The US State Department advisory for the impoverished, violence-wracked CAR reads: "Do not travel to Central African Republic for any reason."
Trump has described Iran, with whom Washington is currently at war, as a "terrorist regime" but is nonetheless deporting nationals who have fled the country, including at least two Iranian women, their lawyer said.
The Iranians had been granted "withholding of removal" -- a status that carries weaker rights than asylum but has been considered a "win" in immigration court under previous administrations.
"We fear they will ultimately be forced to return to the countries they originally fled," as has repeatedly happened with other deportees sent across Africa, their attorney, Emily Trostle, told AFP.
The flight took off from Alexandria, Louisiana, on Thursday evening, according to the ICE Flight Monitor, affiliated with non-profit Human Rights First.
It made a scheduled stopover in Ghana -- which is itself a hub for third-country deportations -- just after 1300 GMT on Friday, according to public flight data.
It was unclear if some people were to be taken off the plane there, or if they were all continuing to the Central African Republic, said Alma David, a US immigration lawyer familiar with the case.
She said those headed to the Central African Republic "are mainly withholding grantees from a variety of countries, including Iran, Afghanistan, Turkey, Georgia".
Neither the US State Department nor Ghanaian immigration authorities immediately responded to a request for comment.
- Previous allegations of abuse -
As part of its crackdown, the Trump administration has expanded who is targeted for deportation and where they can be sent.
Deportees and lawyers have described unsanitary holding conditions in Ghana and indefinite detention in Eswatini, among other alleged abuses.
From Ghana and Equatorial Guinea, another African hub, some people have been sent back home to countries in which US judges ruled they faced danger.
It was not clear what would happen to the deportees upon arrival in the Central African Republic, in what appears to be Bangui's first accord with Washington, which has made a slew of opaque deportation deals in Africa and elsewhere.
Central African authorities did not respond to a request for comment.
The Trump administration has argued it is only barred from sending people with "withholding of removal" to their country of origin -- and thus can send them anywhere else.
"These individuals are being removed from the United States and abandoned in a country where they have no status, no connection and no support network," Trostle said.

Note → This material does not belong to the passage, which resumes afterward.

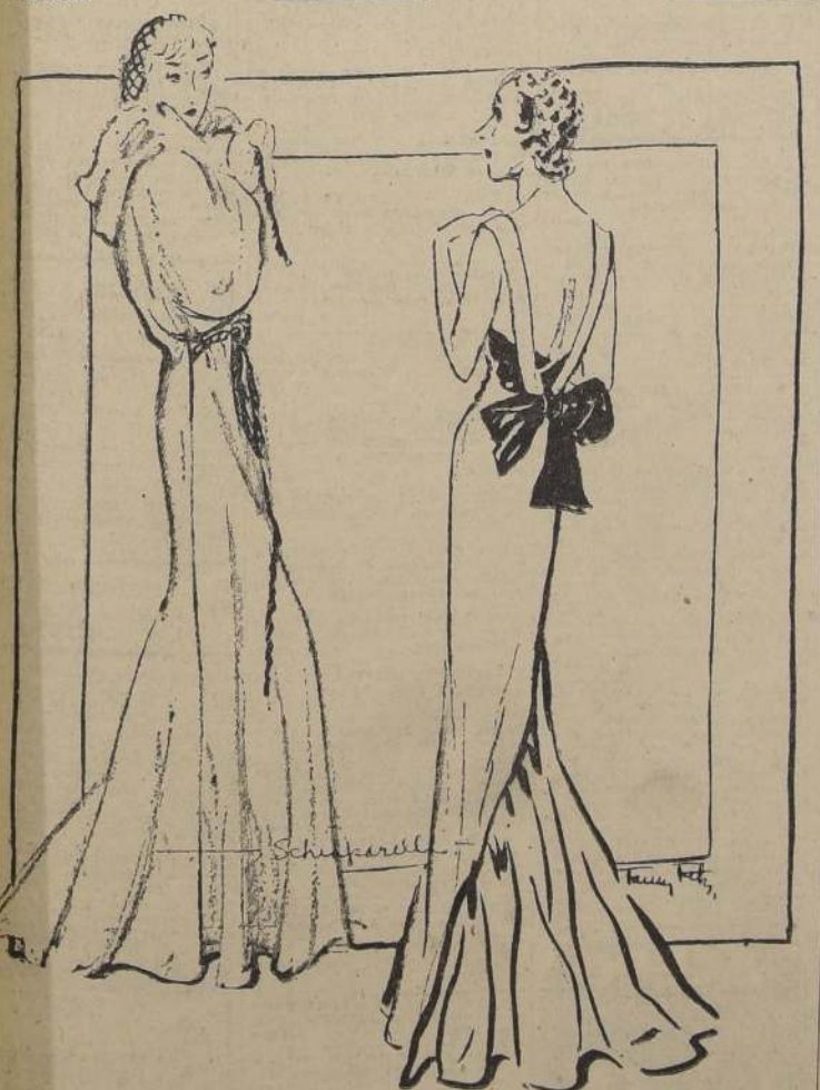
Estas dos creaciones para traje de "soirée" pertenecen a los últimos diseños de Schiaparelli

In recent years, a United Nations peacekeeping mission, Rwandan troops and Russian mercenaries from the notorious Wagner group have helped to improve the Central African Republic's security situation.
But anti-government fighters and armed groups are still present throughout the unstable, mineral-rich country.
Last week, a lawsuit was filed with the African Commission on Human and Peoples' Rights -- the continent's top human rights body -- to halt US deportations to Equatorial Guinea, a small, authoritarian petro-state that has served as a waystation for African deportees.
The lawsuit also seeks to stop Equatorial Guinea's onward expulsion of the deportees to their home countries.